■ Activity:
Since the records include pictures, leave those out while you reproduce exactly and only the lines from the one containing "1309 Qty of" through the one containing "Barfüßiges mädchen steht an einem verlassenen hausBarfüßiges", inclusive.

■ Record extracts:
Content starts
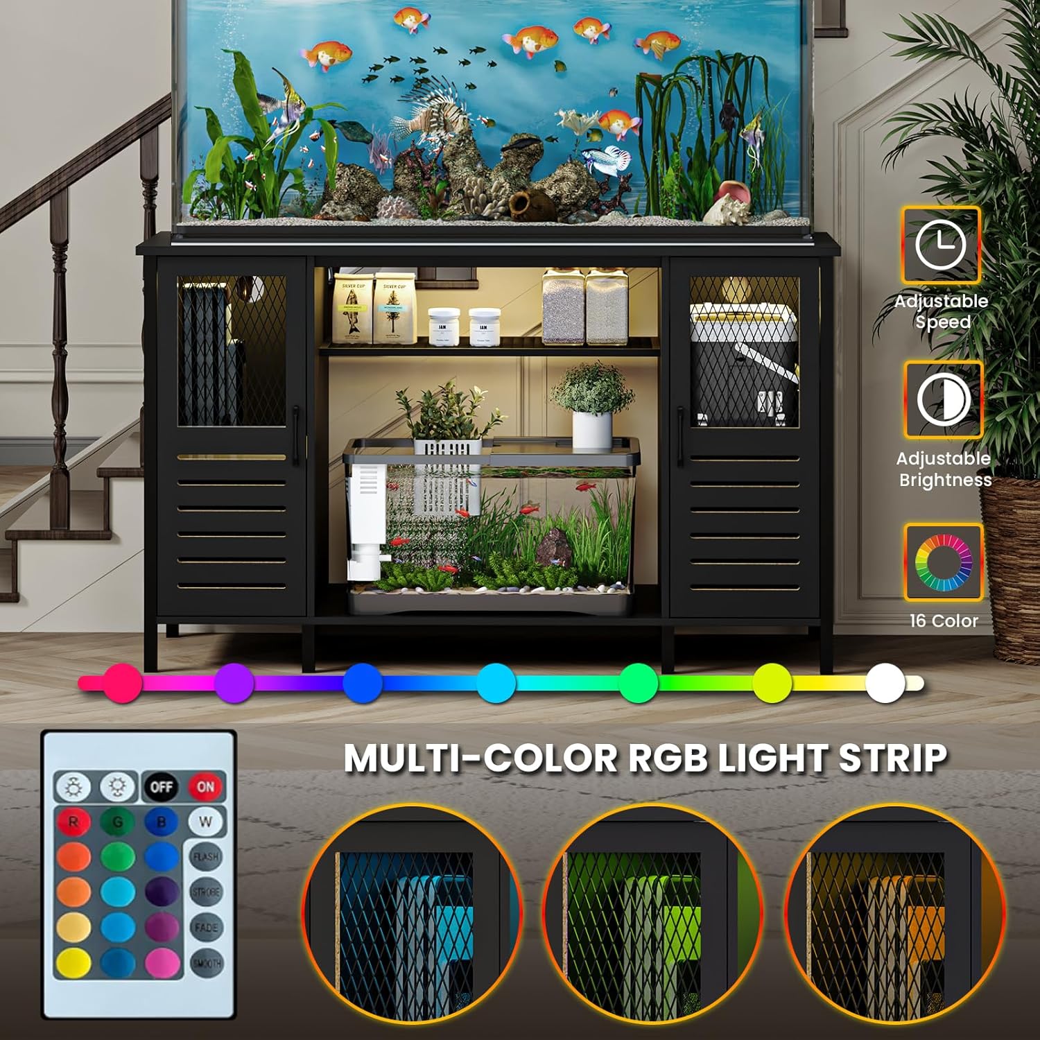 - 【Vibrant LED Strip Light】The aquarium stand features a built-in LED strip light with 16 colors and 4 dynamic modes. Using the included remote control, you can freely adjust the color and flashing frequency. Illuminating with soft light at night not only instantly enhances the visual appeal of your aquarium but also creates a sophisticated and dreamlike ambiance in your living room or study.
Content ends
Content starts
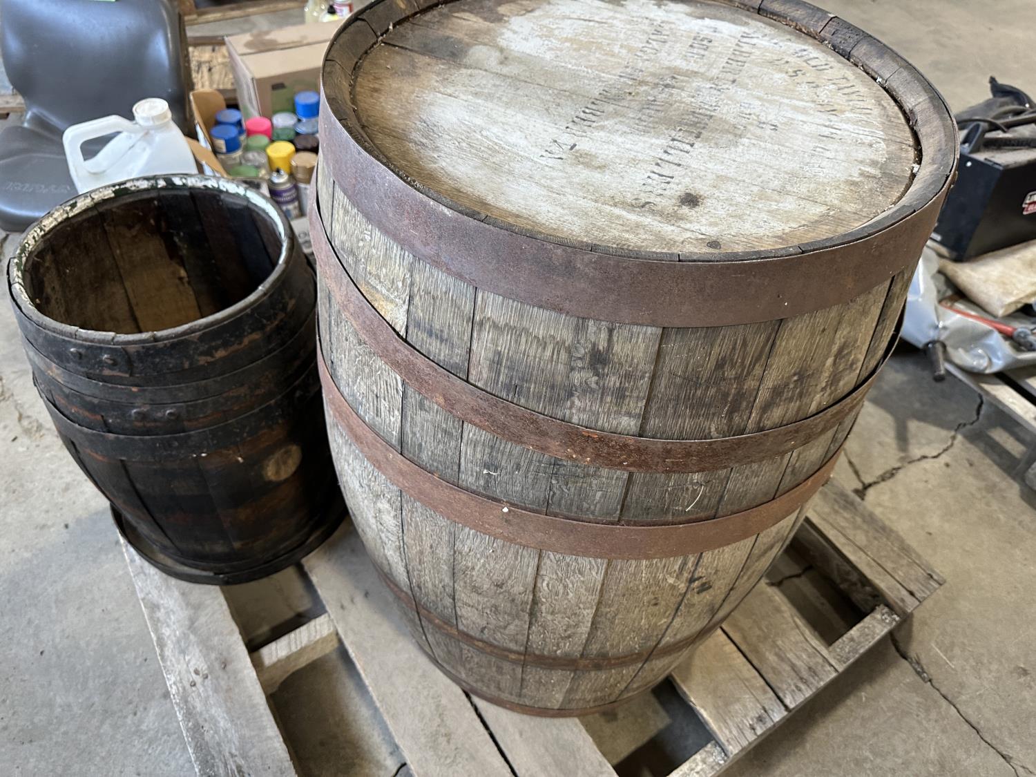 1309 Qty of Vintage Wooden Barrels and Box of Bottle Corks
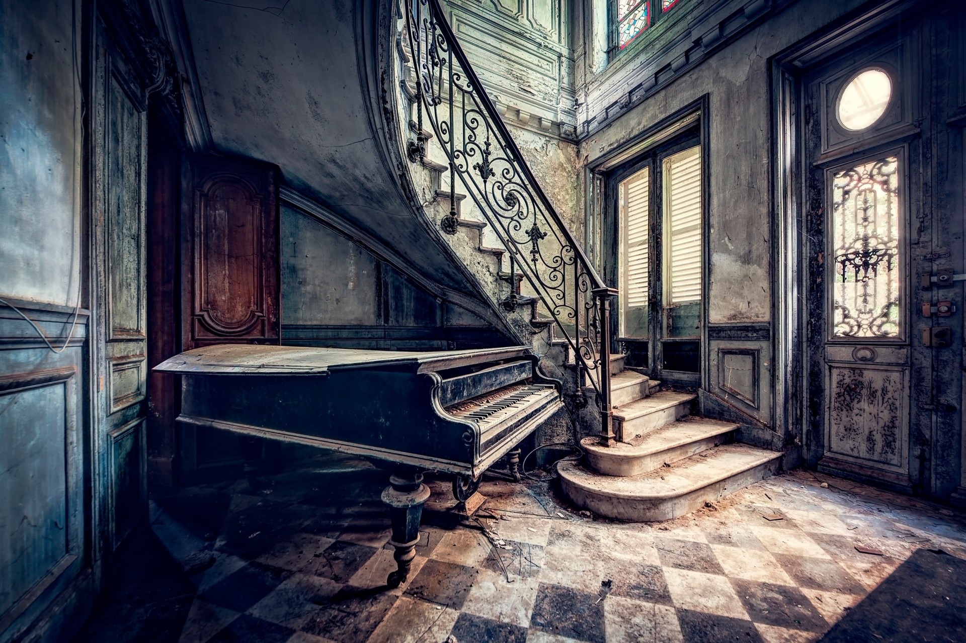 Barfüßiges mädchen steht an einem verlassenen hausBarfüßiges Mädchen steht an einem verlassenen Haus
Content ends
■ Your response:
 1309 Qty of Vintage Wooden Barrels and Box of Bottle Corks
 Barfüßiges mädchen steht an einem verlassenen hausBarfüßiges Mädchen steht an einem verlassenen Haus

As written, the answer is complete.